Nurse-driven CLABSI prevention in intensive care units

Abstract:

Background: Infection control in intensive care units is important for both patients’ quality of life and institutions.

Aim: This study was conducted to evaluate the effect of a nurse-driven algorithm in preventing central catheter-related bloodstream infections in intensive care units.

Methods: This intervention research was implemented in a training and research hospital in Turkey between July 1, 2021, and December 31, 2021. The research was carried out in 3 stages after the creation of the algorithm. The data were collected using the Descriptive Characteristics Form for Nurses, the Descriptive and Medical Characteristics Form for Patients, the algorithm knowledge test, and the Algorithm Parameters Follow-up form. After obtaining the necessary permissions for the study, consent was obtained from the nurses participating in the study. Number, percentage, Wilcoxon, Kruskal-Wallis, and Mann-Whitney U test values were used in the study.

Results: With the algorithm, a decrease was found in the rate of infections in the intensive care units.

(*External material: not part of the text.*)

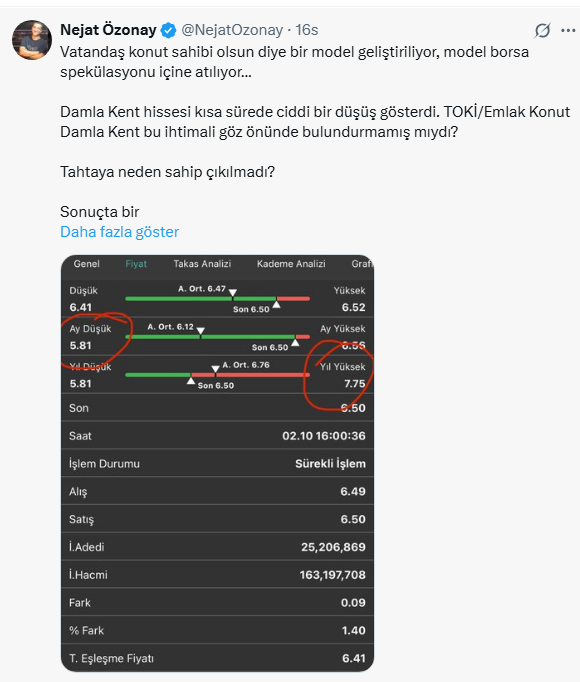 Damla Kent hissesinin kısa sürede ciddi bir düşüş gösterdiğine değinen Özonay 'TOKİ/Emlak Konut Damla Kent bu ihtimali göz önünde bulundurmamış mıydı?'sorusunu yöneltti.

Conclusion: As a result, it was observed that the nurse-driven, central catheter-related bloodstream infection prevention algorithm, prepared using evidence-based clinical guidelines, reduced the rates of infection. Therefore, it is recommended to use algorithm studies as a long-term guide in intensive care units.


Reference:

Acun A, Çalışkan N. Evaluation of the Effect of Nurse-Driven Algorithm in Prevention of Central Catheter-Related Bloodstream Infections in Intensive Care Units. Dimens Crit Care Nurs. 2025 Mar-Apr 01;44(2):91-98. doi: 10.1097/DCC.0000000000000683. PMID: 39853729.